Power Outage Characteristics In Urban and Rural Areas
Introduction
Our Dataset
Our dataset is information on significant power outages that took place in the continental U.S. The information about the power outages contains information about the region the power outages occurred, information about the power outage itself, and economic details from the state where the outage occurred.
Selected Question: Do power outages that occur in areas with high population density last longer than those that are in more sparsely populated areas?

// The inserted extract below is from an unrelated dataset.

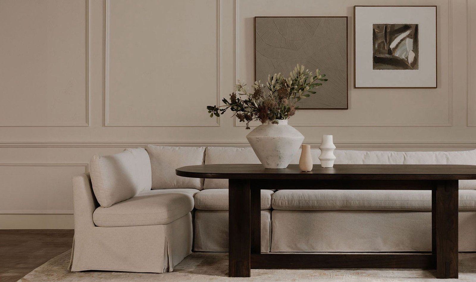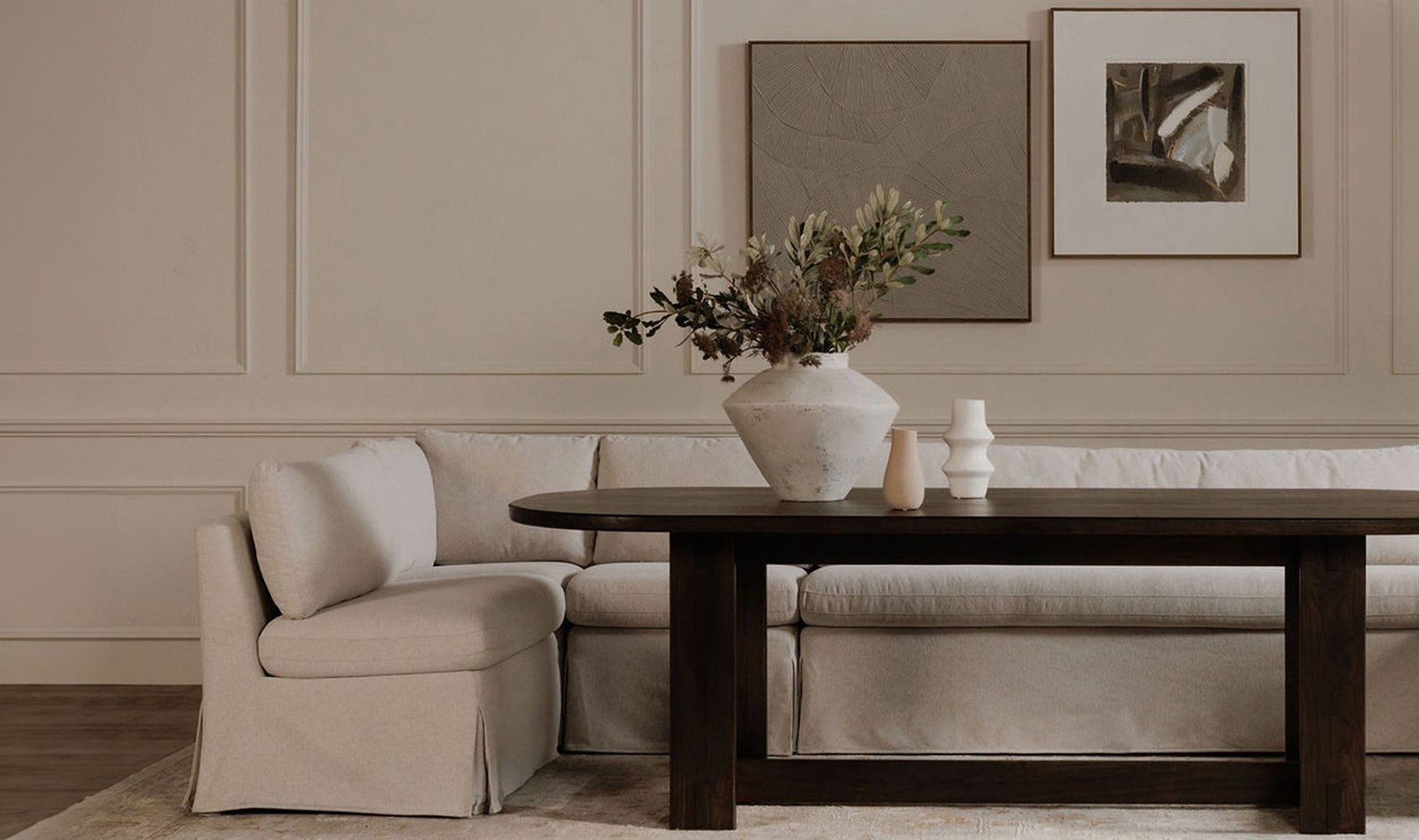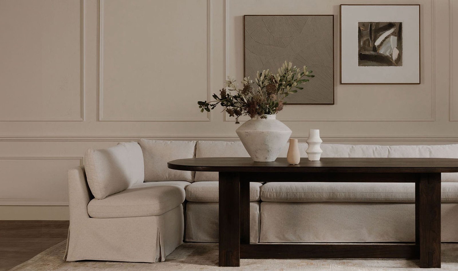 FABLE SLIPCOVER DINING BANQUETTE L-SHAPE? 100.5IN BEIGE

The information in this dataset is important since it gives us a great insight into American infrastructure. This question is important because it can tell us if we are neglecting utilities’ response for those in rural areas.
The information in this dataset is important since it gives us a great insight into American infrastructure. This question is important because it can tell us if we are neglecting utilities’ response for those in rural areas.

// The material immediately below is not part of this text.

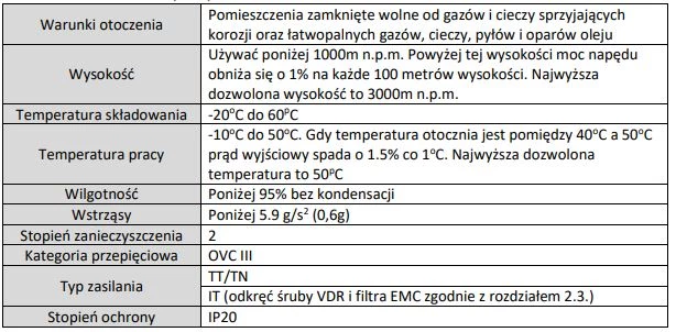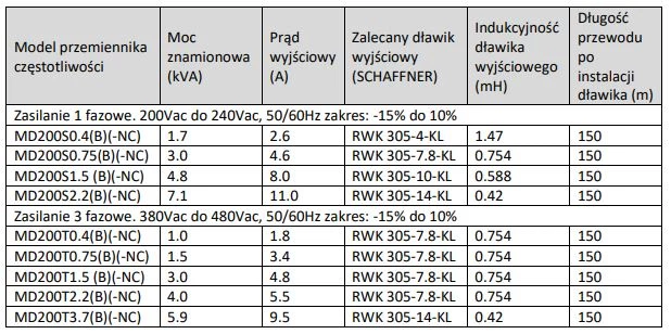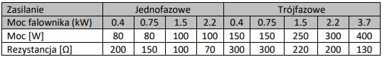 Poniżej tabela z zalecanymi rezystorami hamowania do falowników MD200 Inovance

There are 1534 rows in our dataset and 57 columns. We used a subset of those columns to answer our question.
These columns are: YEAR, MONTH, U.S._STATE, OUTAGE.START.DATE, OUTAGE.START.TIME, OUTAGE.RESTORATION.DATE, OUTAGE.RESTORATION.TIME, OUTAGE.DURATION, POPULATION, POPPCT_URBAN, POPDEN_URBA’, POPDEN_RURAL.
- YEAR: This is the year that the power outage took place
- MONTH: The month the outage took place
- U.S. State: This is the state (contintental) took place
- START.DATE: This is the date that the outage took place
- START.TIME: This is the time that the power outage began
- RESTORATION.DATE: This is the date that the power was turned back on and the outage ended
- RESTORATION.TIME: This is the time in the day that the power was turned back on
- DURATION: This is the time, represented as minutes, that the power outage lasted
- POPULATION: This is the population of the U.S. state that the power outage was located in.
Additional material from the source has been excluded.